» Supplied data
————————

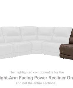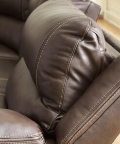 Load up on comfort in a cool, clean-lined and contemporary way with this power reclining loveseat in chocolate brown. Rest assured, the leather match upholstery is enriched with a pebble grain effect for authentic appeal and enhanced with jumbo stitching for dramatic contrast. It features a one-touch power control with adjustable positions, along with an Easy View™ adjustable headrest that allows a primo view of the TV even when you’re reclined. Extended ottomans provide extra length for leg comfort. A zero-draw USB plug-in at your fingertips lets you charge up as you chill out.
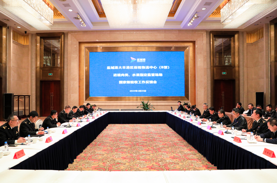 4月25日,國家海關(guān)總署組織專家驗收組對鹽城港保稅物流中心(B型)進境肉類、水果指定監(jiān)管場地進行國家級驗收,經(jīng)過專家驗收組的認(rèn)真查驗審核,同意鹽城港保稅物流中心(B型)進境肉類、水果指定監(jiān)管場地通過國家級驗收。國家驗收組,鹽城港集團黨委書記、董事長周正雄,鹽城海關(guān)黨委書記、關(guān)長吳志明,鹽城港集團黨委副書記、董事、總經(jīng)理陸帥,南京海關(guān)、鹽城海關(guān)、市商務(wù)局相關(guān)負(fù)責(zé)同志等參加驗收。
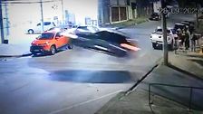 Eine rasante Verfolgungsjagd in der brasilianischen Stadt Belo Horizonte Ende September nahm einen dramatischen Ausgang, als ein Autodieb mit dem entwendeten Fahrzeug meterhoch in die Luft katapultiert wurde. Der Wagen schoss gefolgt von der Polizei über eine Kreuzung. Beamte verhafteten den Kriminellen später.

————————

» Task goal
Please retype the listing in full, exactly as given, and skip every image.

» Exercise output
 Load up on comfort in a cool, clean-lined and contemporary way with this power reclining loveseat in chocolate brown. Rest assured, the leather match upholstery is enriched with a pebble grain effect for authentic appeal and enhanced with jumbo stitching for dramatic contrast. It features a one-touch power control with adjustable positions, along with an Easy View™ adjustable headrest that allows a primo view of the TV even when you’re reclined. Extended ottomans provide extra length for leg comfort. A zero-draw USB plug-in at your fingertips lets you charge up as you chill out.
 4月25日,國家海關(guān)總署組織專家驗收組對鹽城港保稅物流中心(B型)進境肉類、水果指定監(jiān)管場地進行國家級驗收,經(jīng)過專家驗收組的認(rèn)真查驗審核,同意鹽城港保稅物流中心(B型)進境肉類、水果指定監(jiān)管場地通過國家級驗收。國家驗收組,鹽城港集團黨委書記、董事長周正雄,鹽城海關(guān)黨委書記、關(guān)長吳志明,鹽城港集團黨委副書記、董事、總經(jīng)理陸帥,南京海關(guān)、鹽城海關(guān)、市商務(wù)局相關(guān)負(fù)責(zé)同志等參加驗收。
 Eine rasante Verfolgungsjagd in der brasilianischen Stadt Belo Horizonte Ende September nahm einen dramatischen Ausgang, als ein Autodieb mit dem entwendeten Fahrzeug meterhoch in die Luft katapultiert wurde. Der Wagen schoss gefolgt von der Polizei über eine Kreuzung. Beamte verhafteten den Kriminellen später.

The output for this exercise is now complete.